--- Required work ---
Your answer should hold only the lines from the one containing "公司安全管理部及各分公司安全" through the last line below, copied exactly; pictures stay out.

--- Data below ---
* * * *

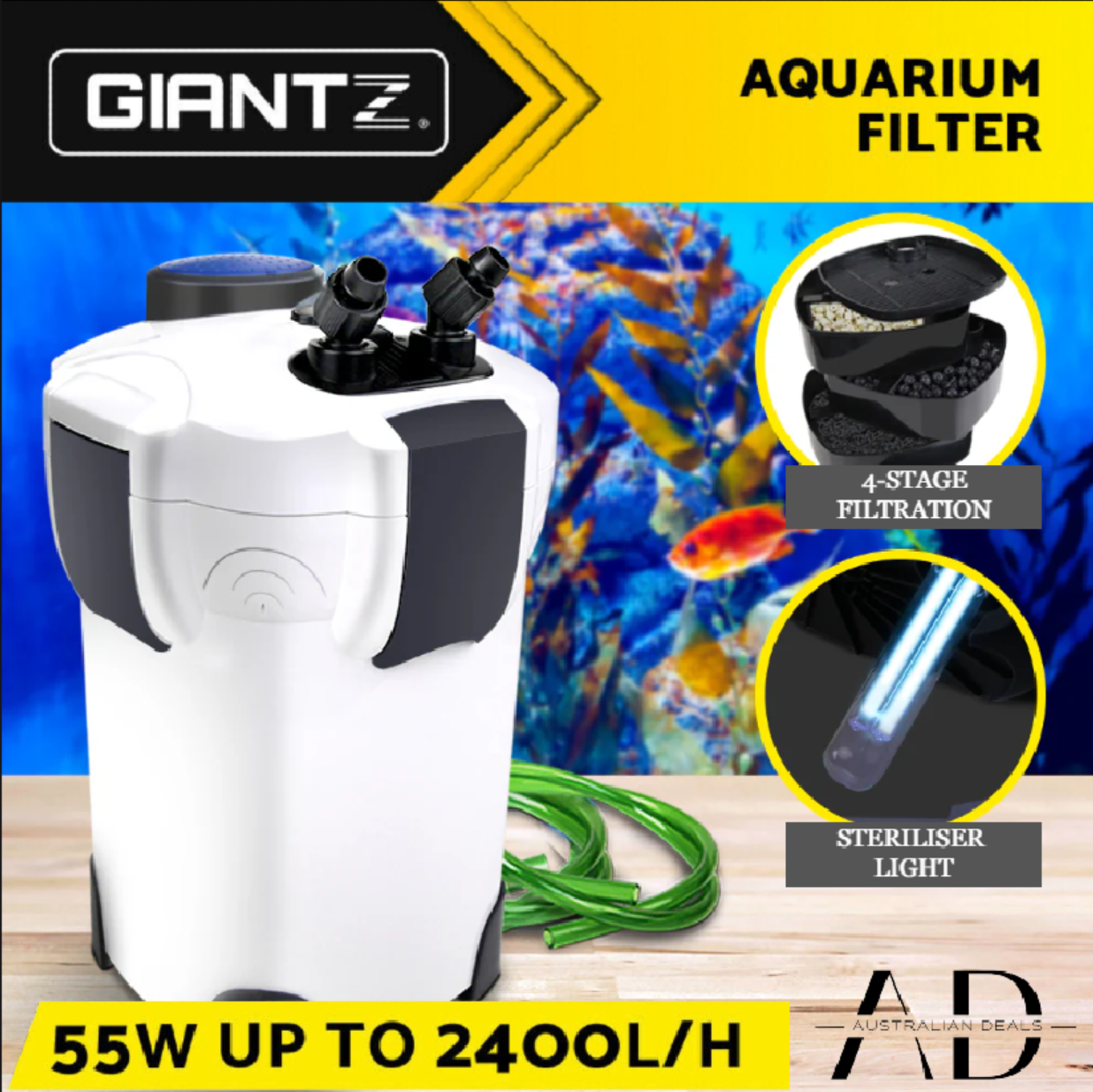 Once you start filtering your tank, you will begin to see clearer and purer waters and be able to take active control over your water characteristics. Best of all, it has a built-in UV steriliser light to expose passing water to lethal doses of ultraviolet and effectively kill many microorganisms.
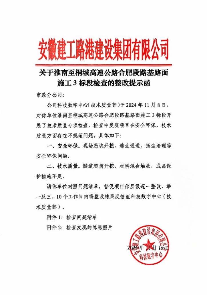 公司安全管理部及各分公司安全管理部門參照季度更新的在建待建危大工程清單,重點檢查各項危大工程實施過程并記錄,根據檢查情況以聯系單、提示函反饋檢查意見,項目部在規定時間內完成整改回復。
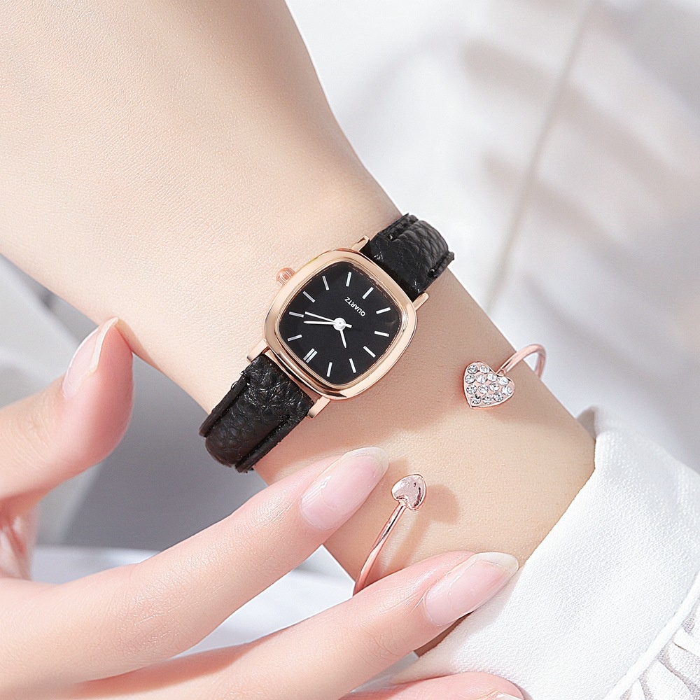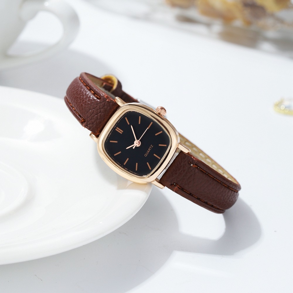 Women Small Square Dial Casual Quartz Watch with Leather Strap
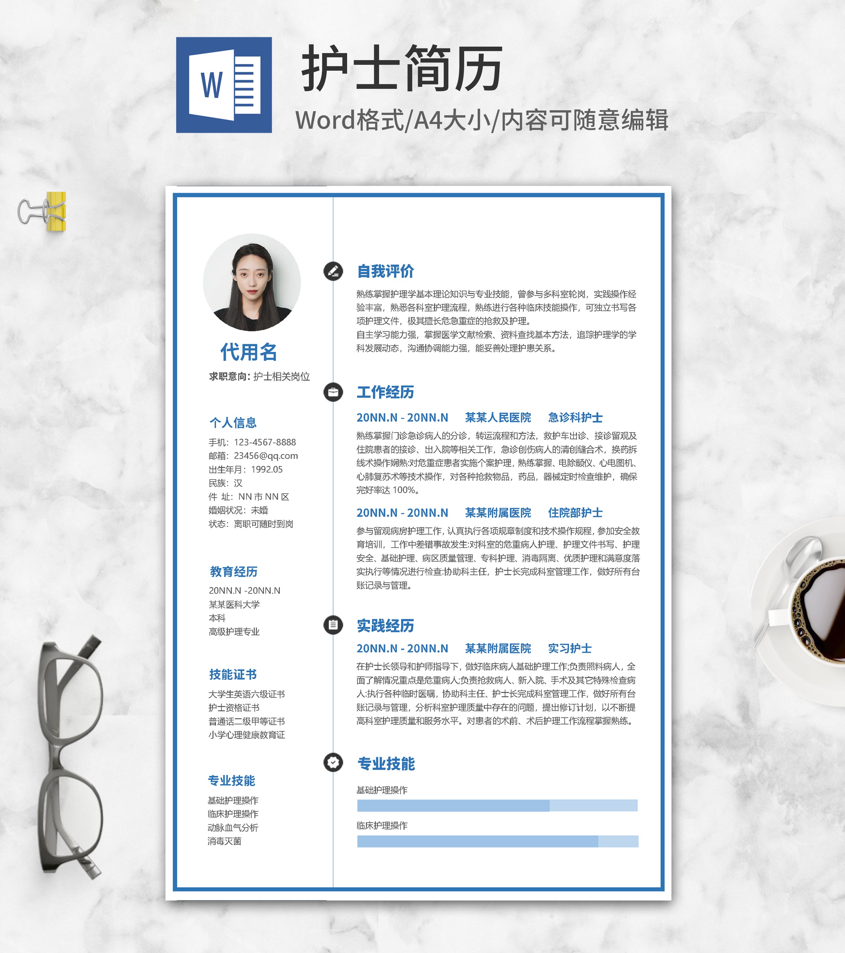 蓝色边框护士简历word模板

* * * *

--- Solution ---
 公司安全管理部及各分公司安全管理部門參照季度更新的在建待建危大工程清單,重點檢查各項危大工程實施過程并記錄,根據檢查情況以聯系單、提示函反饋檢查意見,項目部在規定時間內完成整改回復。
 Women Small Square Dial Casual Quartz Watch with Leather Strap
 蓝色边框护士简历word模板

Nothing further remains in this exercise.